We conclude that defendant has not waived appellate review of this issue, and therefore, we will address its merits infra.
    Defendant asserts that the trial court was prohibited from sentencing him in the aggravated range because (i) the “great monetary value” factor was not submitted to a jury, and (ii) the factor is an inherent element of embezzlement. Because we agree that the trial court's failure to submit the aggravating factor toa jury was reversible error, we need not address defendant's contention that the aggravating factor is an inherent element of embezzlement.
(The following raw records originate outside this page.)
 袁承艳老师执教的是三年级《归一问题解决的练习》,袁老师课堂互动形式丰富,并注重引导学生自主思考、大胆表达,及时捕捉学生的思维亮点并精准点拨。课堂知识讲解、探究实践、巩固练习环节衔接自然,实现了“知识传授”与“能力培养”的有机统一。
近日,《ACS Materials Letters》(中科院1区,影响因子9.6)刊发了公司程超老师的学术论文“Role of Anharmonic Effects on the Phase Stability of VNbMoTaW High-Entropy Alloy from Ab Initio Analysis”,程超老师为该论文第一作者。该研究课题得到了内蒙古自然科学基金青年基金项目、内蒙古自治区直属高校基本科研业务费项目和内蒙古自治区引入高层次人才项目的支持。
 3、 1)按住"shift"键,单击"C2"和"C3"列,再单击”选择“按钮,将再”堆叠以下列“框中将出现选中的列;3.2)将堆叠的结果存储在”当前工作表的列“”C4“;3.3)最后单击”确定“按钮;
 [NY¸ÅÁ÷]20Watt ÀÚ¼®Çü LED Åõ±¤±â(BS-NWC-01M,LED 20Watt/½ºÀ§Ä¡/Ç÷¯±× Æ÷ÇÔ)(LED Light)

    In State v. Allen, ___ N.C. ___, ___ S.E.2d ___ (Filed 1 July 2005) (No. 485PA04), our Supreme Court recently examined the constitutionality of this state's structured sentencing scheme in light of the United States Supreme Court's decisions in Apprendi v. New Jersey, 530 U.S. 466, 147 L. Ed. 2d 435 (2000) and Blakely v. Washington, 542 U.S. 296, 159 L. Ed. 2d 403 (2004). The Court concluded that, when “[a]pplied to North Carolina's structured sentencing scheme, the rule of Apprendi and Blakely is: Other than the fact of a prior conviction, any fact that increases the penalty for a crime beyond the prescribed presumptive range must be submitted to a jury and proved beyond a reasonable doubt.” Allen, ___ N.C. at ___, ___ S.E.2d at ___ (citing Blakely, 542 U.S. at ___, 159 L. Ed. 2d at 413-14; Apprendi, 530 U.S. at 490, 147 L. Ed. 2d at 455; N.C. Gen. Stat. §§ 15A-1340.13, 15A-1340.14, 15A-1340.16, 15A-1340.17). The Court noted that its holding would “apply to cases 'in which the defendants have not been indicted as of the certification date of this opinion and to cases that are now pending on direct review or are not yet final.'” ___ N.C. at ___, ___ S.E.2d at ___ (quoting State v. Lucas, 353 N.C. 568, 598, 548 S.E.2d 712, 732 (2001)).
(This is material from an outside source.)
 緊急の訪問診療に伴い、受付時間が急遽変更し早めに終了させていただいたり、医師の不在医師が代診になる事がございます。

    In the instant case, the trial court unilaterally found that defendant's actions involved the taking of property of great monetary value, thereby aggravating defendant's sentence withoutfirst submitting the issue to a jury. Although we note that defendant pled guilty to various offenses involving approximately $1,000,000.00, we are not convinced that defendant's plea and its implications cure the trial court's failure to submit the aggravating factor to a jury for proof beyond a reasonable doubt. See Allen, ___ N.C. at ___, ___ S.E.2d at ___ (“Because 'speculat[ion] on what juries would have done if they had been asked to find different facts' is impermissible, the Washington Supreme Court concluded, as do we, that '[h]armless error analysis cannot be conducted on Blakely Sixth Amendment violations.'”) (quoting State v. Hughes, 154 Wash. 2d 118, 148, 110 P.3d 192, 208) (alterations in original)). Thus, in light of the foregoing, we conclude that the trial court committed reversible error by sentencing defendant in the aggravated range.   (See footnote 2)  Therefore, we remand the case for resentencing.
    No error in part; remanded for resentencing.
    Judges HUDSON and STEELMAN concur.
    Report per Rule 30(e).

Footnote: 1
     By order of this Court, the filing of this opinion was delayed pending our Supreme Court's decision in State v. Allen, ___ N.C. ___, ___ S.E.2d ___ (Filed 1 July 2005) (No. 485PA04).
Footnote: 2
     Defendant also asserts that the trial court was prohibited from sentencing him in the aggravated range because the State failed to allege the pertinent aggravating factor in the indictment. However, our Supreme Court expressly rejected the same assertion by the defendant in Allen. ___ N.C. at ___, ___ S.E.2d at ___ (overruling language in Lucas “requiring sentencing factors which might lead to a sentencing enhancement to be alleged in an indictment[,]” finding no error in the State's failure to include aggravating factors in the defendant's indictment, and noting that in State v. Hunt, “[T]his Court concluded that 'the Fifth Amendment would not require aggravators, even if they were fundamental equivalents of elements of an offense, to be pled in a state-court indictment.'” (quoting State v. Hunt, 357 N.C. 257, 272, 582 S.E.2d 593, 603, cert. denied, 539 U.S. 985, 156 L. Ed. 2d 702 (2003)). Accordingly, defendant's assertion in the instant case is overruled as well.